Put You First

by ktbob



Category: Days of Our Lives
Genre: M/M
Language: English
Status: Completed
Published: 2018-05-15
Updated: 2018-05-15
Packaged: 2019-05-07 07:30:56
Rating: Teen And Up Audiences
Warnings: No Archive Warnings Apply
Chapters: 1
Words: 1,731
Publisher: archiveofourown.org
Story URL: https://archiveofourown.org/works/14666301
Author URL: https://archiveofourown.org/users/ktbob/pseuds/ktbob
Summary: My sweet cinnamon roll's amnesiac boyfriend isn't so amnesiac anymore...





	Put You First

It was the headaches that first tipped him off.

In all the months they’d been together, first as friends, now as lovers, Will had never complained of a headache before. Now, he had one almost every day.

“Not tonight dear, I have a headache,” might be a cliche, but it was proving agonizingly true lately.

Up until a few days ago, they’d been practically unable to keep their hands off each other.

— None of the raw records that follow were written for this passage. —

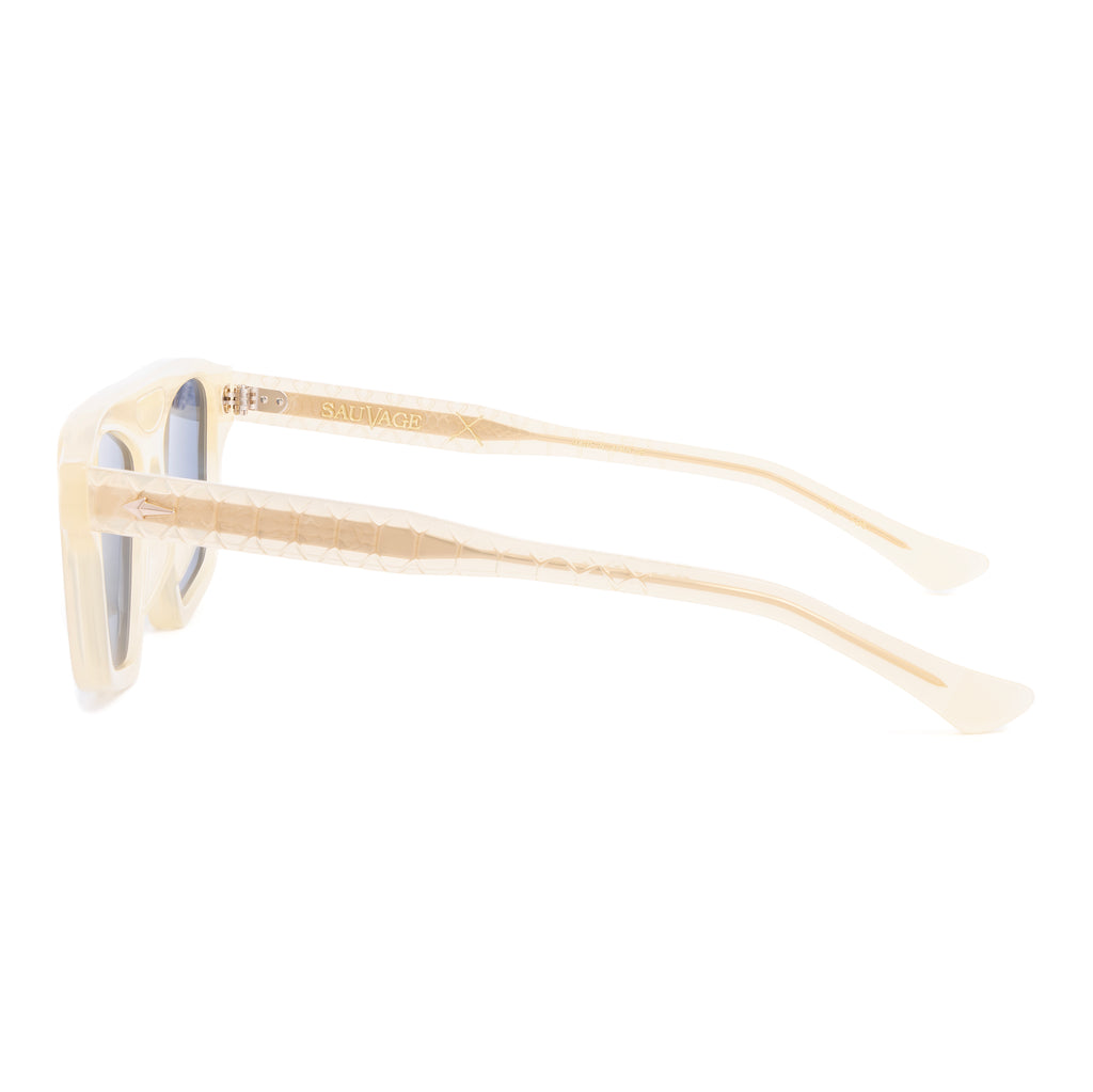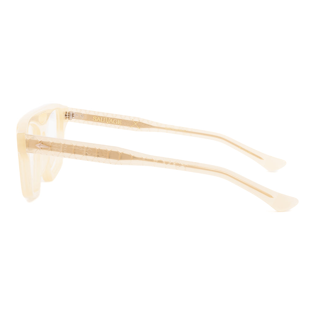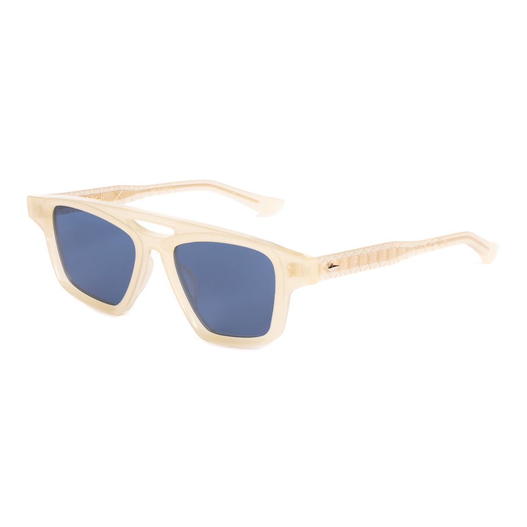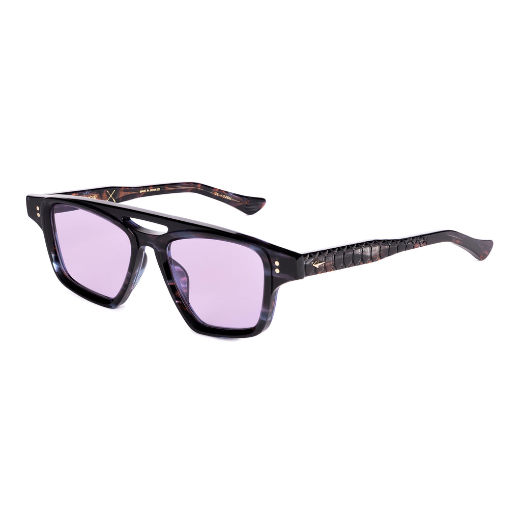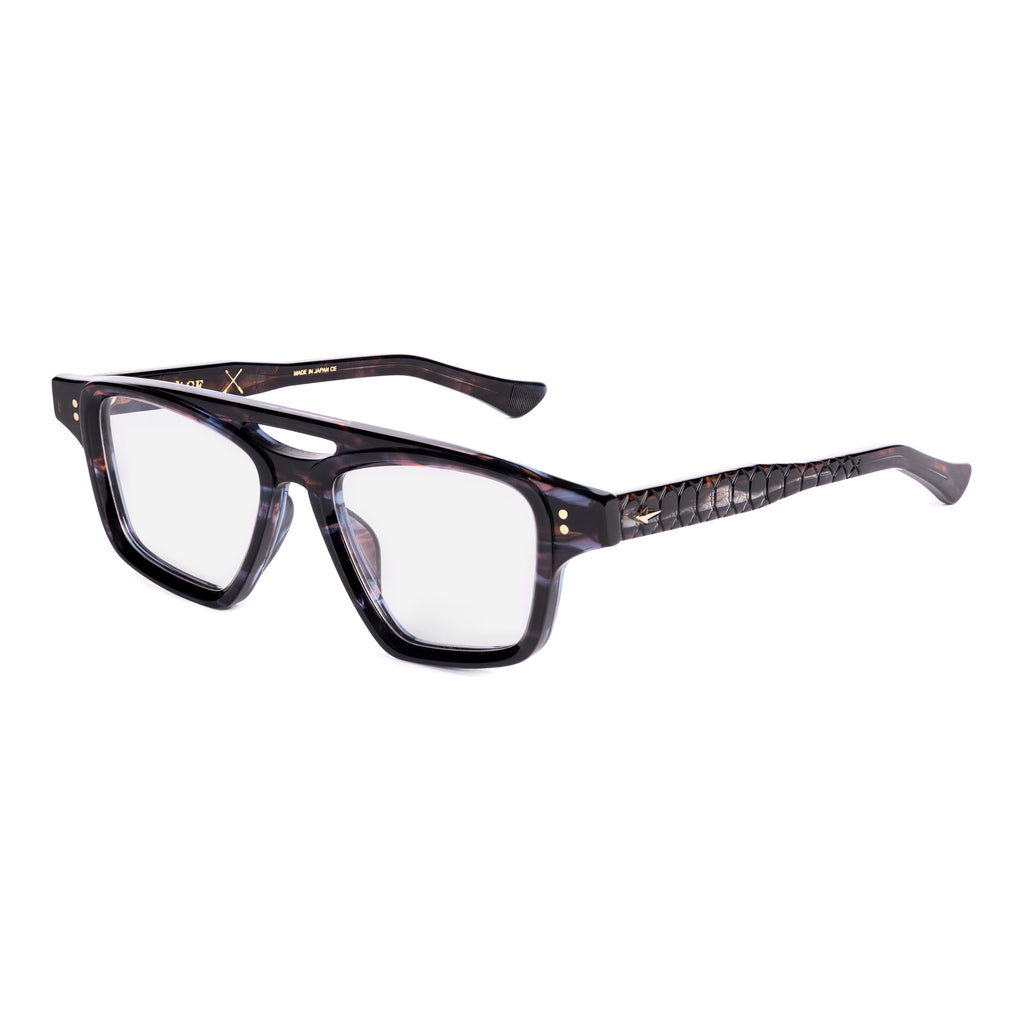 The double bridge and the wide V-shaped rims create a bold impression, while the slim acetate construction adds a touch of softness.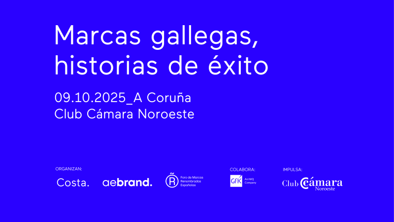 Esta iniciativa, organizada polo estudio do noso socio Dani Bembibre, Costa, en colaboración con Aebrand e o Foro de Marcas Renombradas Españolas, terá lugar mañá xoves 9 de outubro no Club Cámara Noroeste da Coruña, en horario de 9.30-14.30 h. O programa incluírá a presentación do BrandPulse 2024, informe de referencia sobre a saúde das marcas españolas.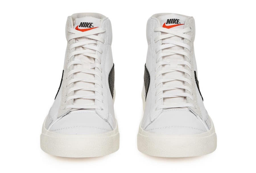 然而这一「倒钩」装扮,居然也出现在了 Nike 的官方设计中,在 Slam Jam x Nike Blazer Mid 联名鞋款上出现。
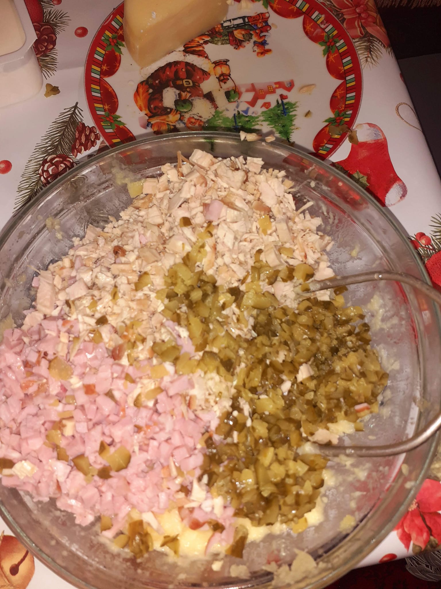 Τα τουρσιά, το καπνιστό κρέας και το φιλέτο κοτόπουλου κόβονται σε μικρά κομμάτια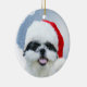 Svart och vit Shih Tzu i en julhatt och en vinterbakgrund hundälskare keramiska julprydnadsföremål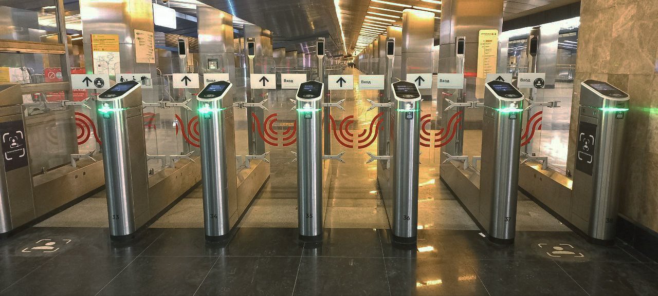 Тифлокомментарий: цветная фотография. В вестибюле метро стоят шесть серебристых турникетов со стеклянными дверцами с возможностью оплаты карточками и по биометрическим данным, то есть лишь одним взглядом в камеру.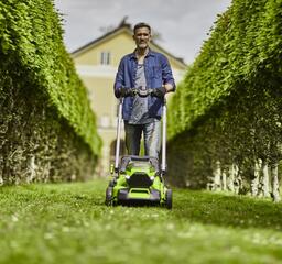 Газонокосилка имеет привод на задние колёса. Длительная непрерывная работа обеспечивается функцией Switchover. В батарейный отсек устанавливаются сразу два аккумулятора. После разрядки первого происходит автоматическое переключение на второй. Но, в то же время, установка сразу 2-х батарей не обязательна.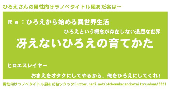 | ヒーロー風カッコイイあだ名 | 『サイバー戦士ヒロエ』『愛の使者ひろえ』 |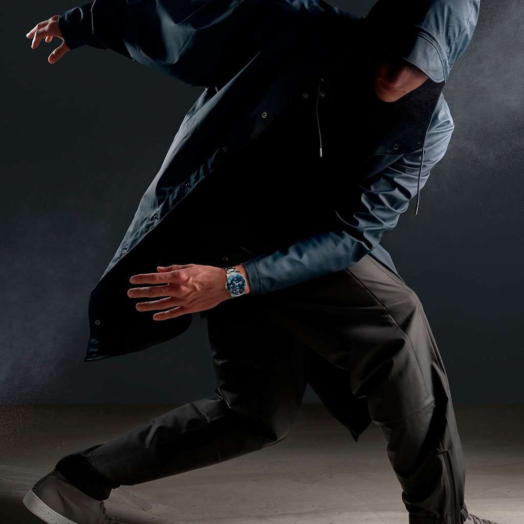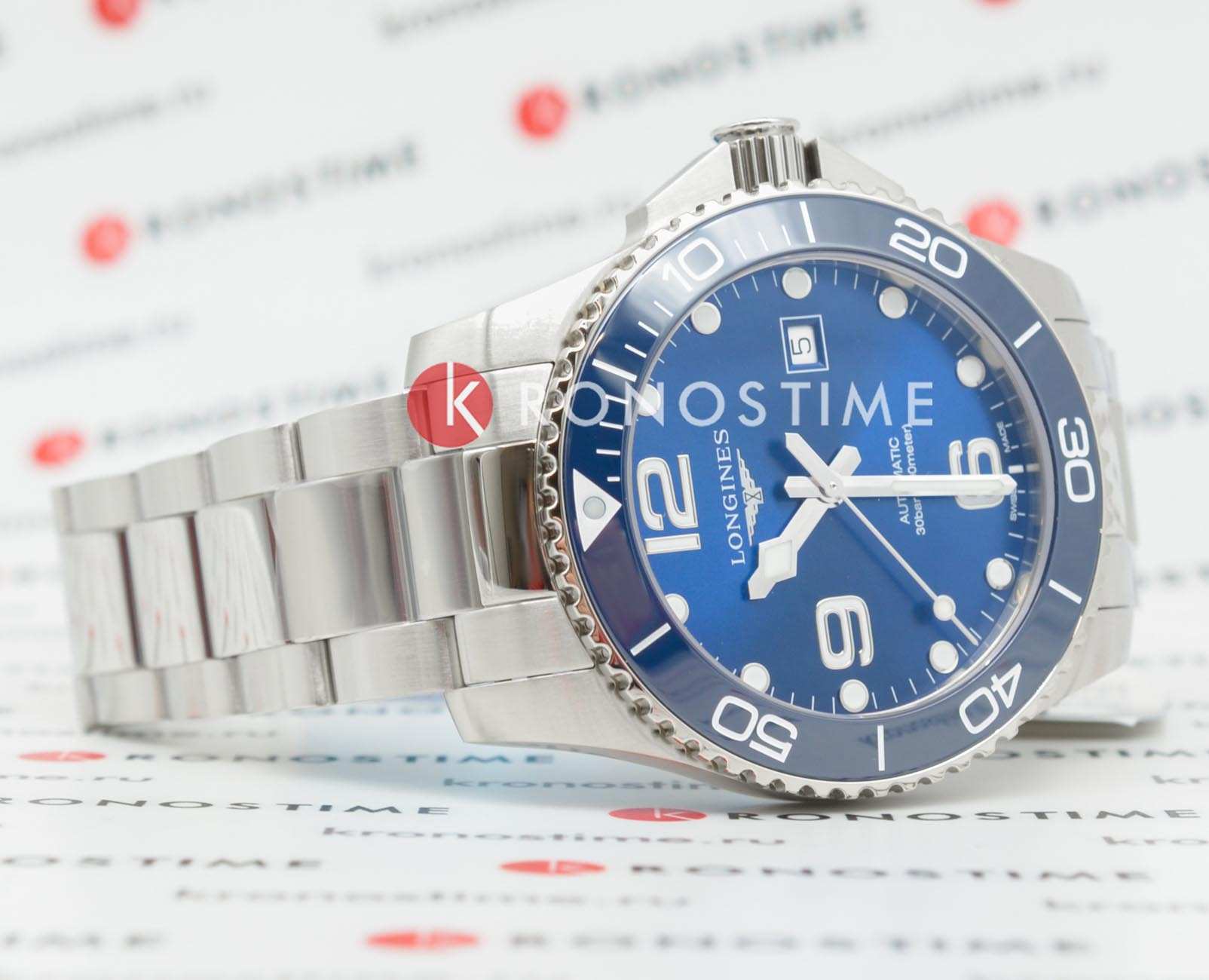 Синий циферблат с крупной индикаций времени дополнен контрастными стрелками и метками с люминесцентной подсветкойЛюминесцентное покрытиеПозволяет считывать показания времени в темноте. Производители наносят на стрелки, часовые индексы, безель или поверхность циферблата светонакопительный состав, дающий холодное свечение.. Керамический безельБезельВнешний ободок, закрепляющий стекло. В спортивных часах так называется поворотное кольцо с делениями на циферблате, выполняет роль таймера – замеряет отрезки времени на шкале. Неподвижный безель – элемент декора. Однонаправленно вращающийся безель на дайверских часах позволяет фиксировать моменты погружения и выныривания на поверхность. вращается в одном направлении, завинчивающаяся заводная головка и задняя крышка усиливают водостойкость до 30 бар. Швейцарский автоматический механизм L888 имеет резерв хода на 64 часа.

Hours spent in bed, wrapped up in each other’s arms, talking softly about nothing and everything while fingers stroked the curve of a jaw or traced the whorl of an ear.

He was so gone on this guy he thought his _earlobes_ were sexy.

But now, Will had moved on to excuses. A headache, or a deadline, or some other reason to run back to his room, his bed, alone.

And when Paul caught his expression when Will thought he wasn’t looking, it was filled with something painfully close to regret.

Swallowing down the bitter taste of heartbreak, Paul knocked on Will’s door. Ignoring the situation wasn’t going to make it go away.

Will opened the door - fully dressed, more’s the pity - and a pained expression flitted across his face. “Hey, Paul,” he said, eyes darting to the side. “I was just going to see Ari, so…”

“It’s back,” Paul said flatly. “Isn’t it?”

“What - what are you talking about? What’s back?”

Paul shook his head. “You’re a terrible liar, Will Horton.” He brushed past the man he’d fallen in love with against his own best judgment and sat down in the chair next to the door. “Your memory. You’ve got it back.”

It wasn’t a question. He already knew.

Will’s shoulders sagged and he looked down. “I’m sorry,” he whispered. 

Paul closed his eyes against the pain that rushed through him. All the mental preparation in the world wasn’t enough to keep it at bay.

When he opened them again, Will had closed the door and was pacing back and forth in the tiny space of his room. “I don’t know what to say,” he finally said.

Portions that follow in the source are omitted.